The sting of suspicious injuries I don’t want to consider is making it hard to think.

I tuck the blanket tighter around my shoulders, but the warm quilt does nothing to counter the chill in my bloodstream. I can’t tell if the cold is coming from the air or my dying soul.

Merrick has kept his word about giving me time to piece myself back together. I haven’t seen or heard from anyone, which means he’s covered for me. I still don’t understand why he showed mercy, but I’m grateful, because I’ve stopped functioning.

The panic attacks are stealing every fucking breath.

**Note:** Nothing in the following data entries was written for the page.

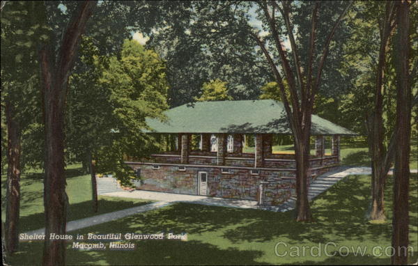 Front: Shelter House in Beautitul Glenwood Perid Macomb, Hiinois Back: Beautiful Glenwood Park is the pride and joy of the people of Macomb, Illinois. 4C269-N GENUINE CURTEICH.CHICAGO 'C.T. AMERICAN ART' POST CARD (REG. U.S. PAT. OFF.)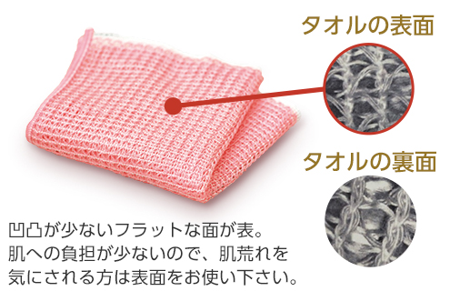 コシのある糸と細い糸という2種類の異なる性質を持つ繊維で編んでいるため、きめ細かい泡が立ちます。 トウモロコシとコットンでお肌にやさしく、ぜひナチュ高保湿ボディソープと一緒にお使いください。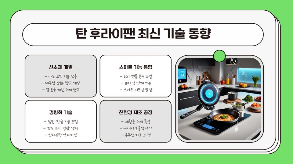탄 후라이팬은 현대 요리에서 필수적인 도구로 자리 잡고 있습니다. 그 뛰어난 성능과 환경 친화적인 특성 덕분에 많은 이들이 선호하고 있습니다. 기본적인 사용법, 관리 방법, 다양한 요리에 활용할 수 있는 팁을 통해 여러분도 탄 후라이팬을 더욱 효과적으로 사용할 수 있을 것입니다. 끊임없이 변화하는 요리 트렌드에 발맞추어 탄 후라이팬을 활용해 보세요. 안전하고 맛있는 요리를 즐기세요!

I reach a trembling hand toward the phone on my nightstand. It’s a mistake. I know it, even as I unlock the screen and scroll to the text stream. But I’ve lost control. I’ve lost everything and I just…

God, I just can’t.

I can’t do this anymore.

I can’t breathe.

I can’t think.

I just need something to hold onto.

One fucking splinter of light.

The last message from Gramps waits where I left it two days ago. It’s a selfie that’s supposed to show him riding a horse, but he only managed to get his right shoulder and the horse’s ass in the frame.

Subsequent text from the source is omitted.